The 2012 college football season is still months away, but those who oversee its coverage at The Sporting News did their best this week to turn some of the attention away from the NFL's concussion controversy, the NHL's Stanley Cup playoffs, the NBA's latest playoff injury and Josh Hamilton's home run derby at Camden Yards.
Ranking the 125 coaches of Football Bowl Subdivision teams was a pretty ambitious undertaking, and I'm sure it will cause quite a bit of chatter in places like Tuscaloosa, Ala., where Nick Saban was ranked at the top as well as other college towns where the folks are still dissecting spring practice and recruiting classes.
Which means not anywhere in the state of Maryland.
Not at Navy, where Ken Niumatalolo was given a pretty respectable ranking of 35th (right ahead of Auburn's Gene Chizik, who was basically trashed as a mediocre coach who won a national championship with a once-in-a-generation talent such as Cam Newton). And not at Maryand, where Susquehannock High School graduate Randy Edsall was picked No. 65 based largely on what he had done at Connecticut rather than what he had not done in his first season in College Park.
I was actually surprised by Niumatalolo's placement, but I wasn't by Edsall's. Had he stayed in Storrs and had a respectable season in 2011, I really believe that he and not Bill O'Brien would have been picked to succeed Joe Paterno at Penn State. I'm not sure Edsall would have cracked the top 10 in this ranking, but he might have been in the top 25. O'Brien, by the way, came in at No. 62.
Like James Franklin.
Two of the more interesting picks for Maryland fans were the former offensive coordinator Franklin, who after winning six games in his first season at Vanderbilt came in at No. 25 and former Texas Tech coach Mike Leach, who has yet to coach a game at Washington State after sitting out the past two seasons and was picked No. 17.
Based strictly on personal opinion, here are my choices for the most overrated and most underrated coaches on TSN's ranking.
Most overrated: Brian Kelly was picked No. 18, largely for what he did at Cincinnati rather than Notre Dame.
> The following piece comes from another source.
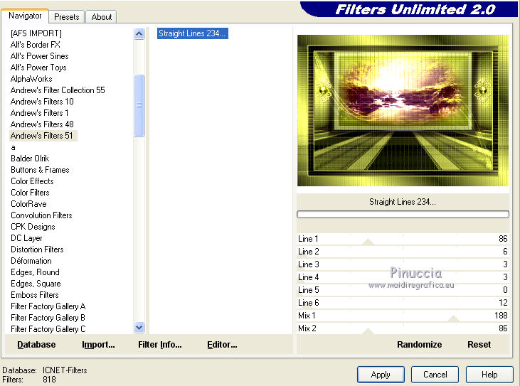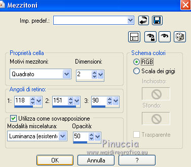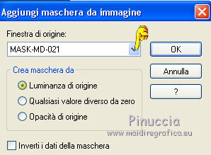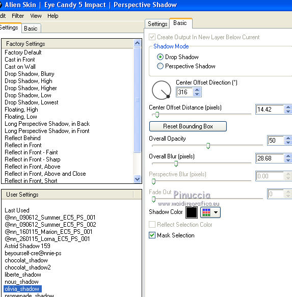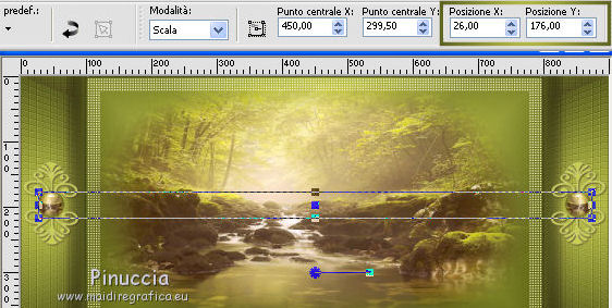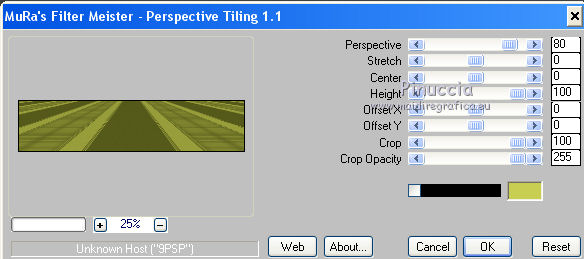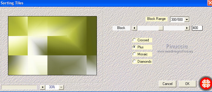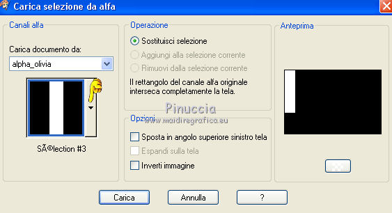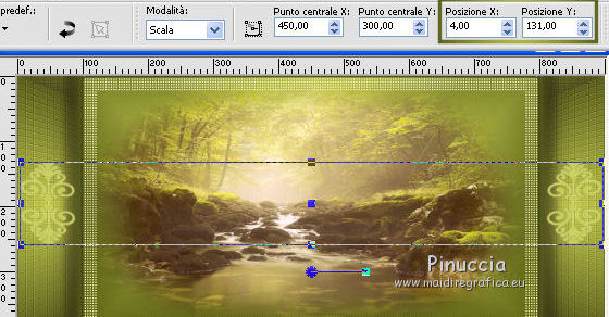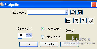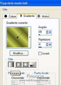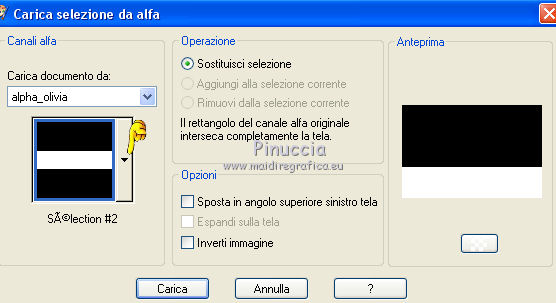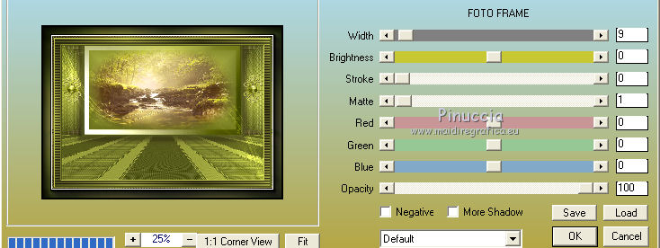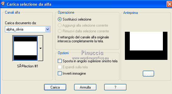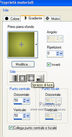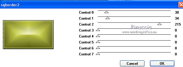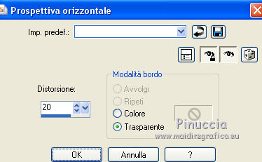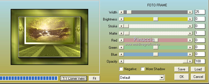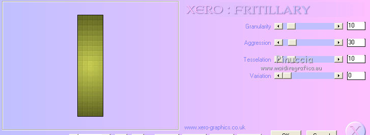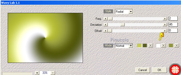 qui puoi trovare qualche risposta ai tuoi dubbi. Se l'argomento che ti interessa non è presente, ti prego di segnalarmelo. Questo tutorial è una creazione di Saturnella e non può essere copiato su altri siti nè essere offerto per il download. Lo stesso vale per la mia traduzione. E' anche proibito togliere il watermark dal materiale; rispettiamo il lavoro dei creatori di tubes, senza i quali non potremmo creare tutorials. Per tradurre questo tutorial, creato con Corel2018, ho usato CorelX, ma può essere eseguito anche con le altre versioni di PSP. Dalla versione X4, il comando Immagine>Rifletti è stato sostituito con Immagine>Capovolgi in orizzontale, e il comando Immagine>Capovolgi con Immagine>Capovolgi in verticale. Nelle versioni X5 e X6, le funzioni sono state migliorate rendendo disponibile il menu Oggetti. Nel nuovo X7 sono tornati i comandi Immagine>Rifletti e Immagine>Capovolgi, ma con nuove funzioni. Vedi la scheda sull'argomento qui Occorrente: Materiale qui Grazie: Syl per il tube della donna, Monica per il tube del paesaggio, Thafs per il tube del vaso, e per le maschere SmArt e MD. Il resto del materiale è di Saturnella. (in questa pagina trovi i links ai loro siti). Filtri in caso di dubbi, ricorda di consultare la mia sezione filtri qui Filters Unlimited 2.0 qui Mehdi - Sorting Tile qui Mehdi - Wavy Lab 1.1 qui AFS IMPORT - sqborder 2 qui Xero - Fritillary qui Alien Skin Eye Candy 5 Impact - Perspective Shadow, Glass qui Andrew's Filter 51 - Straight lines 234 qui AAA Frames - Texture Frame qui I filtri AFS IMPORT si possono usare da soli o importati in Filters Unlimited (come fare vedi qui) Se un filtro fornito appare con questa icona ![]() non esitare a cambiare modalità di miscelatura e opacità secondo i colori utilizzati. Nelle ultime versioni di PSP non c'è il gradiente di primo piano/sfondo (Corel_06_029) Puoi usare i gradienti delle versioni precedenti. Trovi qui i gradienti Corel X. Metti il preset Cliccando sul file una o due volte (a seconda delle tue impostazioni), automaticamente il preset si installerà nella cartella corretta. perchè uno o due clic vedi qui Se preferisci, puoi importare direttamente il preset nel corso del tutorial Come fare vedi la scheda del filtro Eye Candy qui Apri le maschere in PSP e minimizzale con il resto del materiale 1. Imposta il colore di primo piano con il colore scuro #5b6020, e il colore di sfondo con il colore chiaro #c8ce51. ![]() Apri alpha_olivia. Finestra>Duplica (o sulla tastiera maiuscola+D) per fare una copia. ![]() Chiudi l'originale. La copia, che sarà la base del tuo lavoro, non è vuota, ma contiene le selezioni salvate sul canale alfa. 2. Effetti>Plugins>Mehdi - Wavy Lab 1.1. Questo filtro lavora con i colori della paletta: il primo è il colore di sfondo, il secondo quello di primo piano; degli ultimi due colori creati dal filtro, cambia il terzo colore con il colore bianco ![]() 3. Regola>Sfocatura>Sfocatura gaussiana - raggio 50. ![]() 4. Effetti>Plugins>Mehdi - Sorting Tiles. ![]() Effetti>Effetti di bordo>Aumenta. 5. Effetti>Effetti di riflesso>Specchio rotante, con i settaggi standard. ![]() 6. Selezione>Carica/Salva selezione>Carica selezione da canale alfa. La selezione sélection#1 è subito disponibile. Devi soltanto cliccare Carica. ![]() Selezione>Innalza selezione a livello. Effetti>Plugins>AFS IMPORT - sqborder2. ![]() 7. Selezione>Modifica>Contrai - 50 pixels. ![]() Livelli>Nuovo livello raster. Effetti>Effetti 3D>Scalpello, colore scuro di primo piano. ![]() 8. Apri il tube del paesaggio e vai a Modifica>Copia. Torna al tuo lavoro e vai a Modifica>Incolla nella selezione. Selezione>Modifica>Seleziona bordature selezione. ![]() Livelli>Nuovo livello raster. Riempi con il colore scuro di primo piano.Effetti>Plugins>Alien Skin Eye Candy 5 Impact - Glass. Seleziona il preset Clear no drop shadow e ok. ![]() Selezione>Deseleziona. 9. Livelli>Unisci>Unisci giù - 2 volte. 10. Effetti>Effetti 3D>Sfalsa ombra. ![]() 11. Attiva il livello di sfondo. Selezione>Carica/Salva selezione>Carica selezione da canale alfa. Apri il menu delle selezioni e carica sélection#2. ![]() Selezione>Innalza selezione a livello. Riempi la selezione con il colore scuro.Effetti>Effetti artistici>Mezzitoni. ![]() Mantieni selezionato. Livelli>Nuovo livello raster. Riempi con il colore chiaro di sfondo.Livelli>Nuovo livello maschera>Da immagine. Apri il menu sotto la finestra di origine e vedrai la lista dei files aperti. Selezione la maschera smArt_maszk_79. ![]() Aspetta a unire il gruppo. 12. Effetti>Effetti di riflesso>Specchio rotante, con i settaggi precedenti. ![]() Livelli>Unisci>Unisci gruppo. Livelli>Unisci>Unisci giù. 13. Effetti>Plugins>Mura's Meister - Perspective Tiling. ![]() Selezione>Deseleziona. 14. Effetti>Effetti 3D>Sfalsa ombra, con i settaggi precedenti. ![]() 15. Attiva il livello di sfondo. Selezione>Carica/Salva selezione>Carica selezione da canale alfa. Apri il menu delle selezioni e carica sélection#3. ![]() Selezione>Innalza selezione a livello. 16. Passa il colore di primo piano a Gradiente di primo piano/sfondo, stile Sprazzo di luce. ![]() Riempi la selezione con il gradiente.17. Effetti>Plugins>Xero - Fritillary. ![]() Effetti>Effetti di bordo>Aumenta. 18. Effetti>Effetti geometrici>Prospettiva orizzontale. ![]() Mantieni selezionato. 19. Effetti>Effetti 3D>Sfalsa ombra, con i settaggi precedenti. Selezione>Deseleziona. 20. Livelli>Duplica. Immagine>Rifletti. Livelli>Unisci>Unisci giù. 21. Attiva il livello superiore. Apri il tube deco e vai a Modifica>Copia. Torna al tuo lavoro e vai a Modifica>Incolla come nuovo livello. Per posizionare il tube, tasto K per attivare lo strumento Puntatore ![]() e imposta Posizione X: 4,00 e Posizione Y: 131,00 ![]() Tasto M per deselezionare lo strumento. 22. Effetti>Effetti 3D>Sfalsa ombra. ![]() 23. Apri il tube deco2 e vai a Modifica>Copia. Torna al tuo lavoro e vai a Modifica>Incolla come nuovo livello. Tasto K per attivare lo strumento Puntato

The Bearcats were the best of a mediocre bunch in the Big East. Jim Grobe of Wake Forest was picked No. 31 despite being just one game over .500 with the Demon Deacons as well as in his overall career.
Most underrated: Brett Bielema of Wisconsin was picked No. 12 after taking the Badgers to back-to-back Rose Bowl appearances. Georgia Tech's Paul Johnson was No. 19 despite what he he did at Georgia Southern and Navy before proving that you can win in a major conference with the triple option. Steve Addazio of Temple was picked No. 83, meaning that his team's 9-4 record in 2011 was mostly credited for former coach Al Golden (No. 34, now at Miami, which means his ranking should go down the next couple of years.)